No one can make you feel incompetent (or anything else) without your permission. I think Eleonor Roosevelt said that. If someone chooses to belittle you rather than to respond professionally, that's on them, not you.

Of course you feel stupid as a new nurse. You ARE stupid, in the sense that you don't know everything you need to know to function safely, independently and competently. Feeling stupid is what keeps you from making a major mistake that could seriously harm or kill a patient. As a crusty old bat, we LIKE new nurses who feel stupid. We hate and fear new nurses who think they know everything. Seriously. A new nurse who feels stupid is open to learning; a new nurse who thinks she knows everything is impossible to teach.

Checking blood pressure before giving an anti-hypertensive is a safety thing. If there aren't parameters for holding the med, there certainly *should* be. Next time, ASK her for parameters.

Just for future reference, how long after you gave the clonidine did you recheck the blood pressure? What is the onset of action for clonidine? When would you expect peak action?

Specializes in med-surg, med oncology, hospice.
Was it a scheduled dose or a PRN dose?

I understand checking the BP prior to a scheduled dose, but we don't commonly recheck the BP a certain time after the dose. What usually happens on my unit is: I check the BP @2100, I give the pt their scheduled dose of BP medicine. Then I recheck their VS @2330 because their Q4HR VS are due. The only time I would recheck their BP earlier than that is if it was unusually high.

If it's a PRN dose, what are the parameters? Our providers typically write out parameters such as, "give PRN dose of clonidine 0.1mg for systolic >170 or diastolic >100. Hold for diastolic

I'm not trying to make excuses for this provider. I'm sure they were quite snippy with you, and many times, providers do this for no reason at all. But they also receive a lot of phone calls when they're on-call, and I find it helpful to think about this before I pick up the phone and call them. When in doubt, I run it by my CN and pick her brain. A simple, "would you do this?" can save you and the doctor a lot of time.
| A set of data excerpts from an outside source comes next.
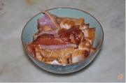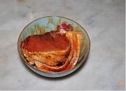 将摊凉了的猪肉切成片,放入碗里面压紧。上面放炒好了梅干菜。加入少许的料酒。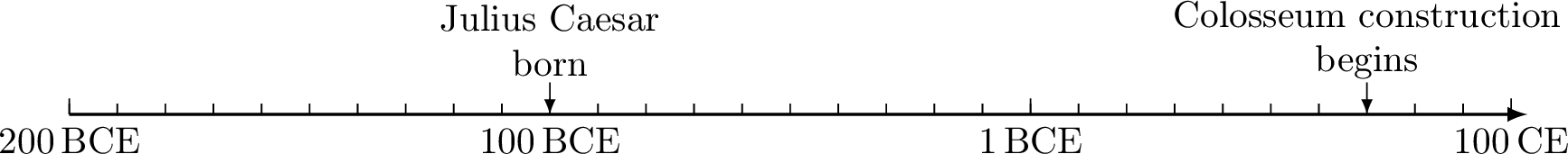 To find the duration between a BCE date and a CE date, we combine the years from both sides of the timeline and remember that there is no year 0.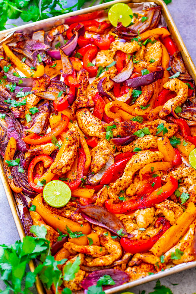 25 minutos de fajitas de pollo frito – FÁCIL, listo en poco tiempo, sabe AUTÉNTICO y hecho en UNA bandeja para hornear para simplificar las cosas, ¡especialmente en las noches ocupadas! ¡Quién necesita un restaurante mexicano cuando puedes hacer fajitas tan BUENAS y saludables en casa!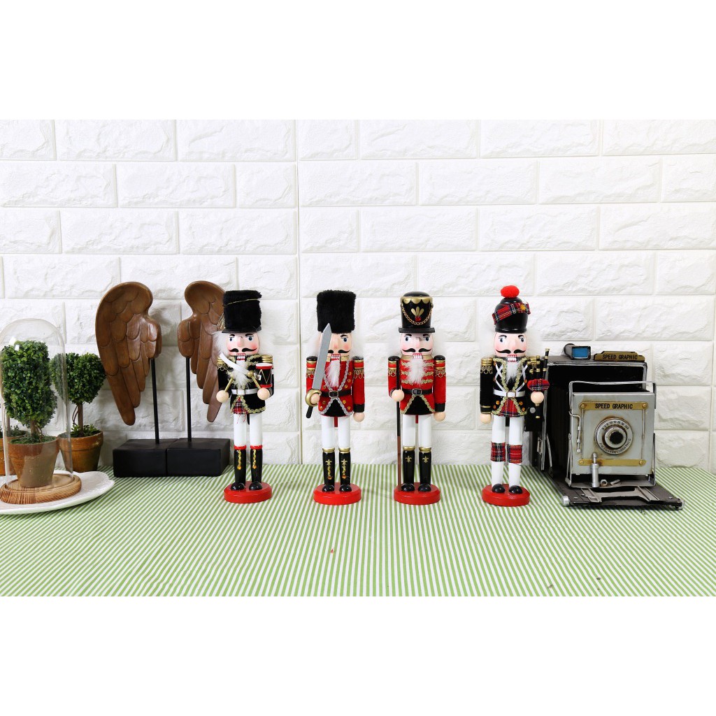 Tượng chú lính gỗ Nut cracker trang trí kệ tivi trang trí phòng khách 💥💯 Nutcracker du nhập vào Việt Nam đã từ khá lâu và mọi người biết đến nhân vật này từ năm 2001 thông qua bộ phim Baerbie in the Nutcracker, gần đây chàng Nutcracker đang được yêu thích hơn bao giờ hết với hình ảnh một anh lính với hàng ria mép đen nhe hàm răng trắng đều và bộ râu dài mọc từ hàm dưới , dáng đứng thẳng tắp và mặc trên người bô quân phục lính hoàng gia. Mô hình chú lính bằng gỗ là món đồ trang trí kệ tivi, trang trí phòng khách độc đáo ấn tượng cho căn phòng của bạn, là món quà tặng thú vị dành cho người thân bạn bè.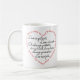 This attractive mug features a short version of 1 Corinthians 13:4 "Love is patient, Love is kind...". This unique mug features the words of the bible verse in a heart shape in addition to the words inside the heart.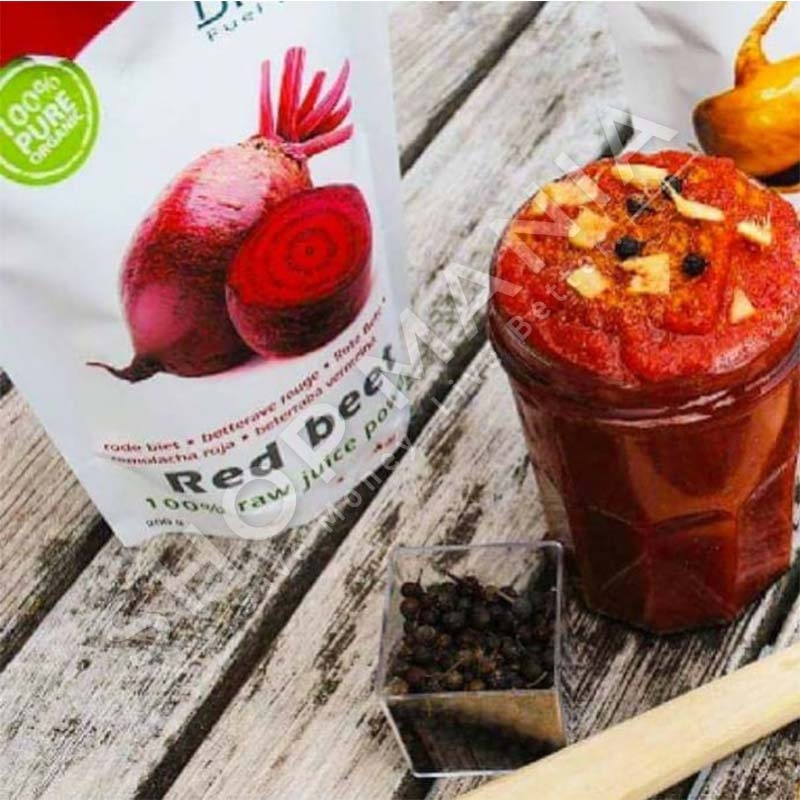 Ngjyra e kuqe ne lejla e produktit vjen nga rritja organike 100% e panxharit te kuq.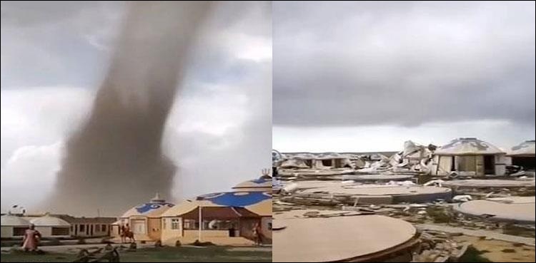 رپورٹ کے مطابق انرمنگولیا کے شہر باؤتو میں موسم ایک دم تبدیل ہوا اور تیز ہوا چلنے لگی، اس کے ساتھ ہی شہریوں کو کئی فٹ بلندی تک بگولا نظر آیا۔

I totally agree with everything said in this post. I have also checked the graphic sheet to see if this patient is known to run high BP's or is this is new. And at times, I have started my phone conversation with the doctor, after confirming who he is, and say "this is a CMA (cover-my-ass) call". It's not that I wanted to call but I have my license to protect also. I have never had a doc get mad at me for this opening.

Specializes in PICU, Pediatrics, Trauma.

You did nothing wrong. One said she doesn't usually check for scheduled meds, but I have been taught to check BP and HR for any anti-hypertensive given. In general, you should check the policy on this if it is not clear to you, and follow policy. Period. The fact that the patient was actually quite hypertensive at the time and did not respond favorably, I still feel you did the right thing.

It would be impossible for me to count all the times a doctor (or co-worker for that matter) UNJUSTLY questioned me or gave me INCORRECT information over the years. As long as you err on the side of safety, you aren't actually making an error...Withholding or delaying needed treatment in an emergency, would be the only "error on the side of safety" possibility I can think of.